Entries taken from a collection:
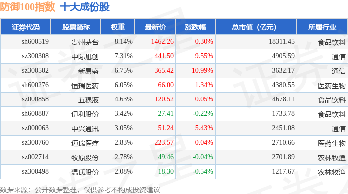 证券之星消息,10月21日,防御100(399403)指数报收于8838.37点,涨1.99%,成交1223.93亿元,换手率0.83%。当日该指数成份股中,上涨的有72家,新易盛以10.99%的涨幅领涨,下跌的有25家,燕京啤酒以4.56%的跌幅领跌。
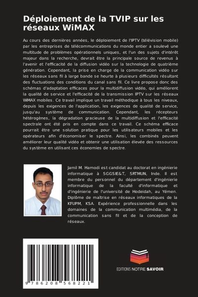 Au cours des dernières années, le déploiement de l'IPTV (télévision mobile) par les entreprises de télécommunications du monde entier a soulevé une multitude de problèmes opérationnels uniques, et l'un des sujets d'intérêt majeur dans la recherche, devrait être la principale source de revenus à l'avenir et l'efficacité de la diffusion vidéo sur la technologie de quatrième génération. Cependant, la prise en charge de la communication vidéo sur les réseaux sans fil à large bande se heurte à plusieurs difficultés résultant des fluctuations des conditions du canal sans fil. Ce livre propose donc des schémas d'adaptation efficaces pour la multidiffusion vidéo, qui améliorent la qualité de service et l'efficacité de la transmission IPTV sur les réseaux WiMAX mobiles. Ce travail implique un travail méthodique à tous les niveaux, depuis les exigences de l'application, les exigences de qualité de service, jusqu'au système de communication. Cependant, les récepteurs hétérogènes, la dégradation gracieuse de la multidiffusion et l'efficacité spectrale ont été pris en compte dans ce travail. Ce schéma efficace pourrait être une solution pratique pour les utilisateurs mobiles et les opérateurs afin d'économiser le spectre. Ainsi, les combinés peuvent améliorer leur qualité vidéo et obtenir une utilisation élevée des ressources du système en utilisant ces économies de spectre.
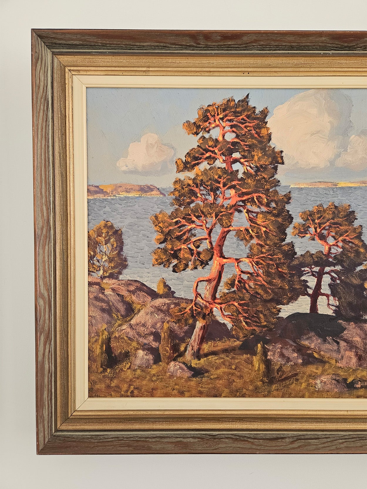 Striking oil on canvas depicting Swedish islands with red trees and blue waters. Presented in original timber frame, showing beautiful, detailed grain.
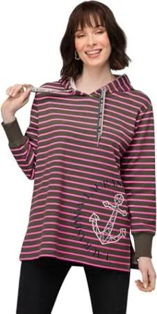 Hoodie, Ringel Sweater, Anker Print, Langarm lodengrün L 819571190-L
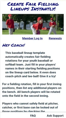 A Baseball Fielding Rotation App automatikusan méltányos mezőnyjátékos rotációkat készít ifjúsági baseball és softball csapatok számára. Támogatja a 7 inninges játékokat, akár 12 mezőnypozícióval és 6 cserehellyel. Lehetővé teszi játékosok kizárását kulcspozíciókból, mint az egyes bázis, elkapó vagy dobó. Segít a csapatfelállítások egyszerűsítésében.
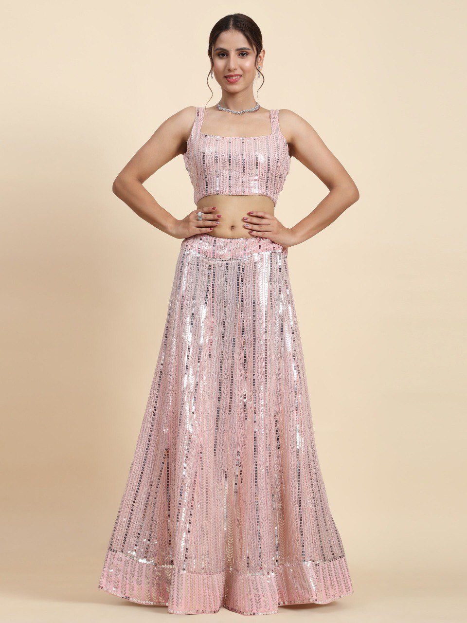 Pink Zari and Sequence Embroidery Work lehenga choli with Net dupatta

_What the exercise asks_.
Locate the line containing "Hoodie, Ringel Sweater, Anker" in the records above, then output it and every line after it through the last, excluding pictures.

_The answer_.
 Hoodie, Ringel Sweater, Anker Print, Langarm lodengrün L 819571190-L
 A Baseball Fielding Rotation App automatikusan méltányos mezőnyjátékos rotációkat készít ifjúsági baseball és softball csapatok számára. Támogatja a 7 inninges játékokat, akár 12 mezőnypozícióval és 6 cserehellyel. Lehetővé teszi játékosok kizárását kulcspozíciókból, mint az egyes bázis, elkapó vagy dobó. Segít a csapatfelállítások egyszerűsítésében.
 Pink Zari and Sequence Embroidery Work lehenga choli with Net dupatta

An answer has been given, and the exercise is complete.